Alhamdulillah Tuhan menciptakan manusia dengan keunikan masing-masing. Ada yang jago balap, ada yang pandai membuat mobil, ada yang pandai menjual, ada yang pandai memasak, bahkan ada juga yang jago makan. Masing-masing punya keunikan dan kelebihan. Keunikan ini yang membuat dunia ini “berputar”. Saling melengkapi dengan indah-nya. Si jago masak, sepandai apapun, akan membutuhkan para jago makan. Si jago balap, percuma membalap kalau tidak ada yg mengemas olah-raga balapan dalam bisnis yang melibatkan jutaan penonton. Inilah indahnya kehidupan. Terdiri dari keunikan-keunikan yang saling melengkapi.

Kalau kita demikian unik, mengapa kita harus mengabaikan keunikan diri kita dengan mencoba menjadi orang lain?

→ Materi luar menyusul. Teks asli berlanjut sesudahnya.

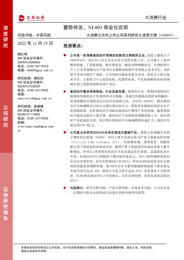 本报告对诺思兰德公司进行了深入分析,认为公司是一家深耕基因治疗领域的创新型生物制药企业,具备较强的研发实力和市场潜力。随着基因治疗行业的快速发展和 NL003 等核心产品的逐步商业化,诺思兰德有望在未来取得更大的发展。但同时也应关注新药研发的风险,以及市场竞争带来的挑战。

Mihaly Csikszentmihaly, pencetus gagasan “Flow” dalam bekerja dan berbisnis, bahkan menyebut bahwa menemukan keunikan diri kita adalah salah satu pilar kebahagiaan. Saking unik-nya kita, maka konon dipastikan masing-masing kita sebenarnya menyimpan potensi luar biasa untuk melakukan “sesuatu” dengan cara yang lebih baik dari orang kebanyakan.

Orang-orang seperti Kimi Raikkonen, Fernando Alonso, Michael Schumacher atau Lewis Hamilton tahu persis bahwa mereka memiliki keunikan, yaitu kemampuan menyetir mobil dengan kecepatan tinggi, jauh dari rata-rata kebanyakan orang. Demikian juga dengan orang-orang seperti Bill Gates, Donald Trump atau Warren Buffet memiliki keunikan dalam melakukan bisnis.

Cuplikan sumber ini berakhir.